Понемногу проступили проблемы, прорезалась тревога — в Москве-то буду новый я! Не потеряюсь ли? Не откажет ли мой-чужой опыт?

Поздно. Я уже лечу. Кроме меня, помочь деду некому.

Вскоре объявили, что самолет идет на снижение, попросили пристегнуть ремни, и мы нырнули в плотное облако. И только сейчас до меня дошло, что это другой климатический пояс, тут моя ветровка не согреет, и, возможно, по утрам уже заморозки.

Когда самолет вынырнул из облака, мы были уже низко-низко, по стеклам хлестал дождь.

И зонт не взял, вот же дурак! Буду надеяться, что автобусная остановка тут рядом. А может, к утру дождь закончится: в Москве погода переменчивая… Но не осенью.

Толчок приземления. Понятные только русским овации в салоне. Напуганный немец тоже похлопал, слабо понимая зачем. Видимо, ради безопасности решил чтить традиции.

Полагая, что мало кто знает английский, ну проснувшийся бык так точно, я посоветовал немцу быть осторожным, спрятать фотоаппарат и не ходить ночью по улицам в одиночку.

Немец покивал и рассыпался в благодарностях на ломаном английском. Обидно стало от мысли о том, что он у себя дома расскажет о стране, которая победила нацизм и которую он наверняка считал великой.

Все изменится, и совсем немного времени пройдет. Откуда, спрашивается, берется все это рыгающее, пьющее из горла бычье? В Союзе ведь все же казались приличными, интеллигентными. Самая читающая нация как-никак.

Народ зашевелился, засобирался на выход — злой, перекошенный и сонный. Торговцы поволокли сумки, освобождая проход. Кровожадные тетки, которых Голлум лишил места, обиду ему не простили и последовали за ним, чтобы вцепиться ему в глотку.

Мне спешить было некуда, я решил выйти последним и наблюдал, как стюардесса Яна пытается добудиться небритого мужчину в кожанке.

Давай, Пашка! Учись превозмогать, это здорово сдвигает время на таймере.

Вышел я последним, вскочил в приехавший за нами автобус, стряхнул капли дождя — волосы были такими густыми, что не промокали.

Холодно! Совсем холодно, градусов десять — не заболеть бы. Вот почему не подумал об этом? Хоть полотенце взял, сделаю накидку Бэтмена, хоть немного согреюсь.

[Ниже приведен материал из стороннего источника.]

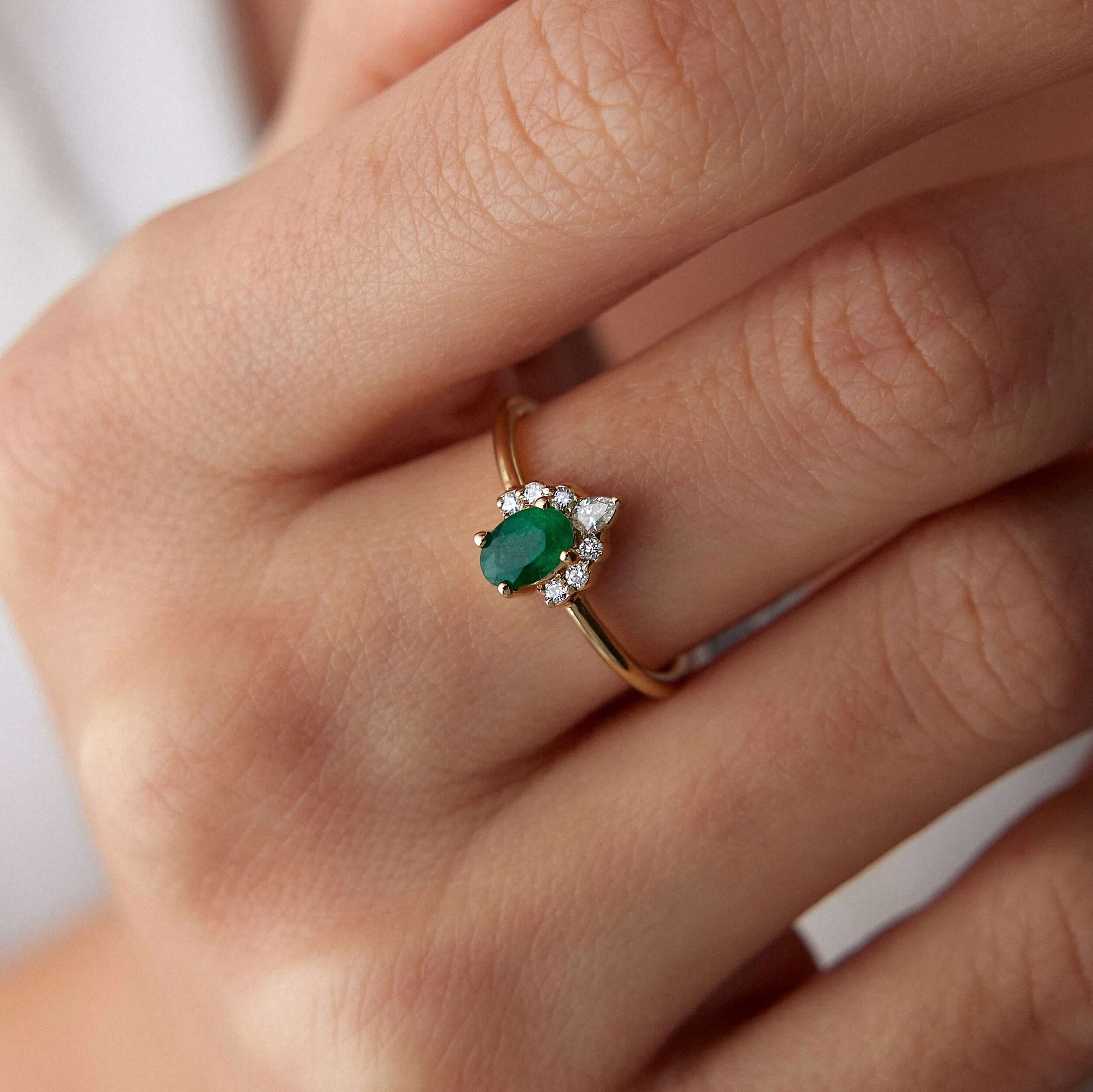 Minimal Oval Zümrüt ve Pırlanta Yüzük

Толпа отправилась в багажное отделение, некоторые пассажиры, грохоча тележками устремились к выходу, а я — в зал ожидания. Бомжей тут, слава богу не было. Были вездесущие челноки, занявшие все сиденья. Те, кому они не достались, спали прямо на сумках, напарники их охраняли, потому что в таких местах всегда шныряли желающие пощупать чужие карманы.

Стайка беспризорников спала прямо на картоне у стены, укрывшись газетами.

Сидений мне не досталось, я обмотался полотенцем, привалился к стене и сполз на корточки, подложив под зад рюкзак. В зале ожидания пахло потом, носками и трудной человеческой судьбой. Манил огнями ресторан и дьютик, где столько интересного и вкусного.

Живот заурчал. Прости, друг, придется тебе потерпеть.

С улицы вошли два мента, один молодой и длинный, а второй — дядечка лет пятидесяти, с седыми усами и хитрым прищуром.

Кто-то словно шепнул: воспользуйся своим преимуществом! Рука нащупала в кармане купюры. Одна, вторая, третья — три тысячи.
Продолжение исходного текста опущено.